## YOUR INSTRUCTIONS
Only a number is wanted: how many lines in the records below contain "Divi"?

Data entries
#####

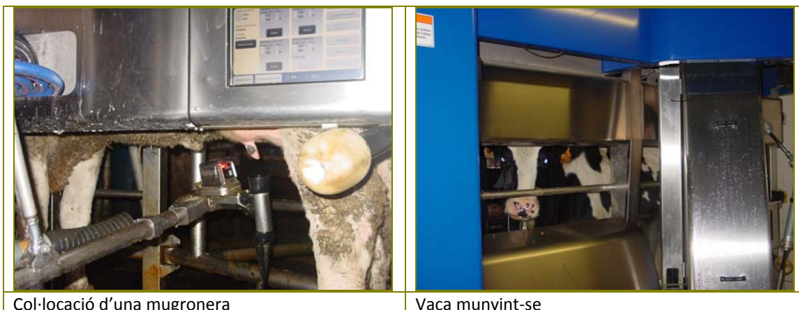
Col·locació d'una mugronera
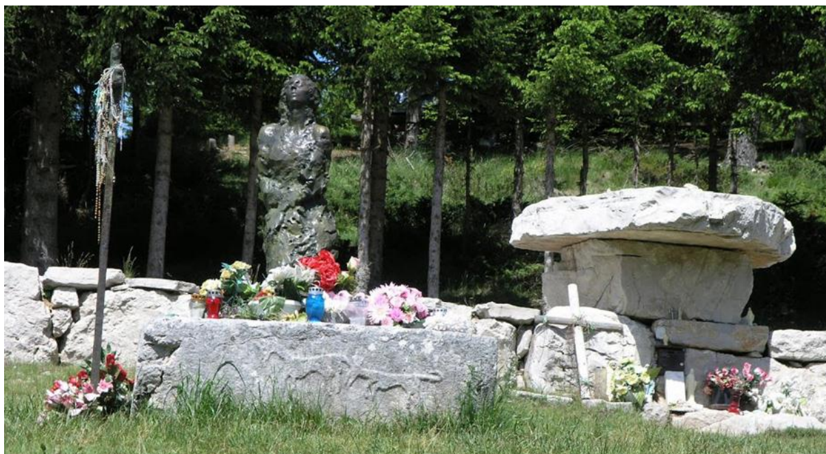
Slika 5. Spomenik Divi Grabovčevoj na Kedžari u Vranu (mjestu stradanja). 112

Na grob Dive Grabovčeve u Prozoru-Rami svake godine u mjesecu srpnju hodočasti velik broj ljudi. Početkom 20. stoljeća u njemu je hrvatski povjesničar i arheolog Ćiro Truhelka pronašao ženske kosti koje su vjerojatno pripadale Divi što je dokaz da je doista postojala.
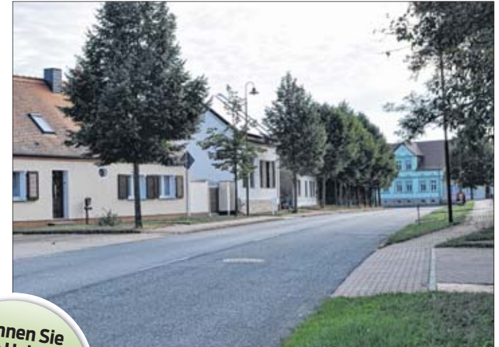
Das alte Bild ist kurz nach der Wende aufgenommen. Das aktuelle Bild ist zwei Tage alt.
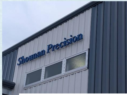
マシンセンター・ハイテクセンター
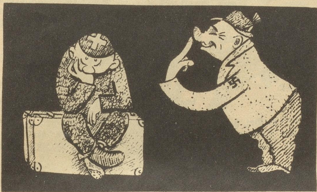
Ich darf nid furt

Du wotsch doch hoffelich nöd 's Läbe lang Schtiff bliibe und di ummekommandiere losse! Das wär ja de Gipfel. Chrampfe, Göpfi, chrampfe, damit de au-n-emol Patron wirsch und 's schön hesch! Babett

#####

## EXPECTED ANSWER
2